The strato strategy is a trading strategy that uses the Relative Strength Index (RSI) indicator to generate buy and sell signals. Here is a brief description of what the strategy does:
The strategy uses a 1-minute timeframe for trading. It calculates the RSI indicator with a time period of 14.
It calculates the Stochastic RSI (SRSI) by normalizing the RSI values between 0 and 1.
It calculates the %K and %D lines of the Stochastic RSI using rolling averages.

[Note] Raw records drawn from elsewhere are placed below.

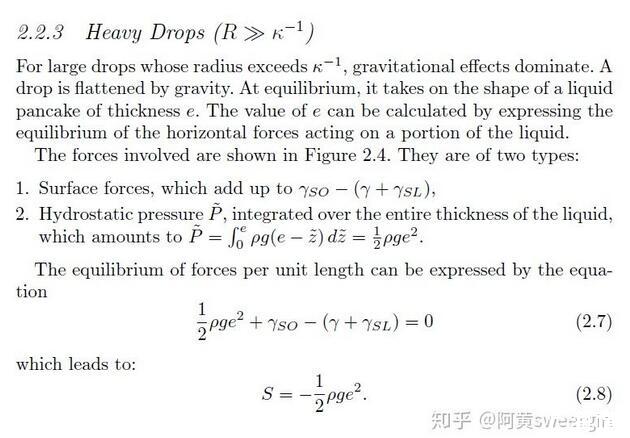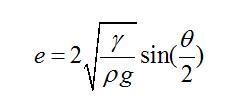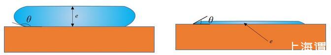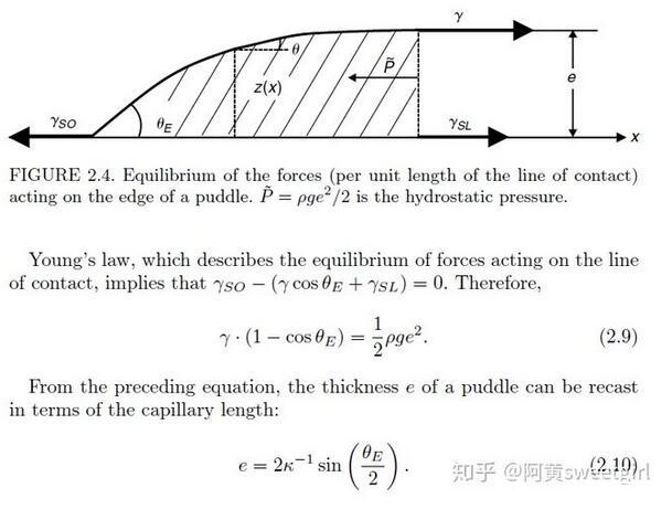 有意思的是,已經(jīng)有前人對這種情形做過詳細的受力分析。得出只要接觸角一定,此時無論加多少水,液體的厚度e都不會增加,只會增加鋪展的面積。其厚度e的表達式為:
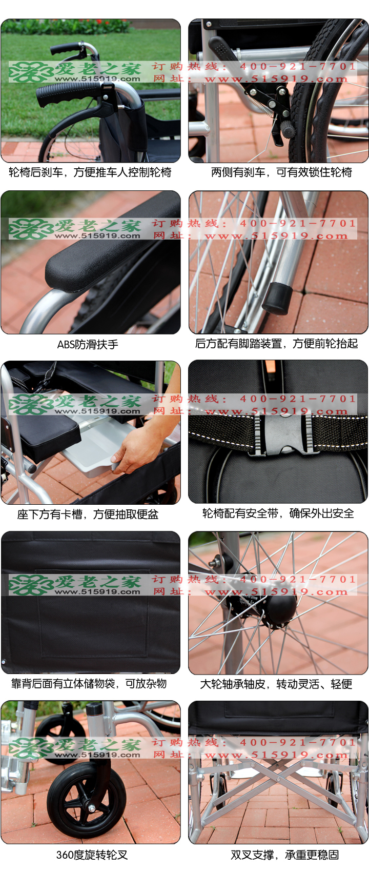 輪椅車 四剎車?yán)先苏郫B輪椅 帶坐便輕便產(chǎn)品說明:
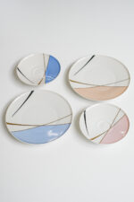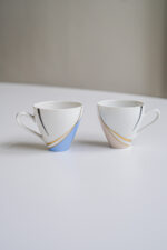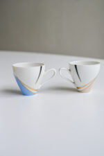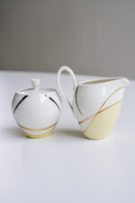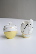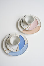 Sada na espresso pro dva z 60. let minulého století v bruselském stylu, pro který jsou typické pastelové barvy, zde navíc doplněno o zlaté a černé linie. Sada pochází z jedné z nejstarších českých porcelánek Haas a Czjzek.
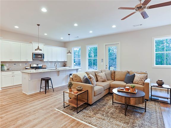 *MOVE IN READY* Less than 2 miles from Auburn University's Jordan-Hare, Owens Crossing is built by Holland Homes LLC. The interior unit, 2 car garage townhome features 4 bedrooms, 3.5 baths, and features an open floor plan that promotes easy livability. Showcasing 10 ft ceilings and 6" baseboards throughout, the modern farmhouse design is both charming and functional. Durable luxury vinyl plank can be found in all living spaces and carpet in the bedrooms. The kitchen displays custom cabinetry, granite countertops, and stainless Whirlpool appliances. The spacious owner's retreat features a double vanity, tiled shower, and walk-in closet. Three additional bedrooms are located on the upper level. Bedrooms 2 and 4 have a shared bath while bedroom 3 has its own private en suite.

In the populate_buy_trend method, it generates a buy signal when the %K line is below 18 and higher than or equal to the %D line. In the populate_sell_trend method, it generates a sell signal when the %K line is above 80 and the %D line is higher than or equal to the %K line. It sets a minimal return on investment (ROI) of 0.012 (1.2%). It sets a stop loss level at -0.1 (-10%). The strategy uses 'market' orders for buying and selling, and 'gtc' (good 'til canceled) time in force for orders. The informative_pairs method returns an empty list, indicating that it doesn't require additional information about trading pairs. The strategy uses a startup candle count of 20, which means it needs historical data for at least 20 candles to start generating signals. Please note that this description is a high-level overview, and there might be additional details and considerations specific to the implementation of the strategy.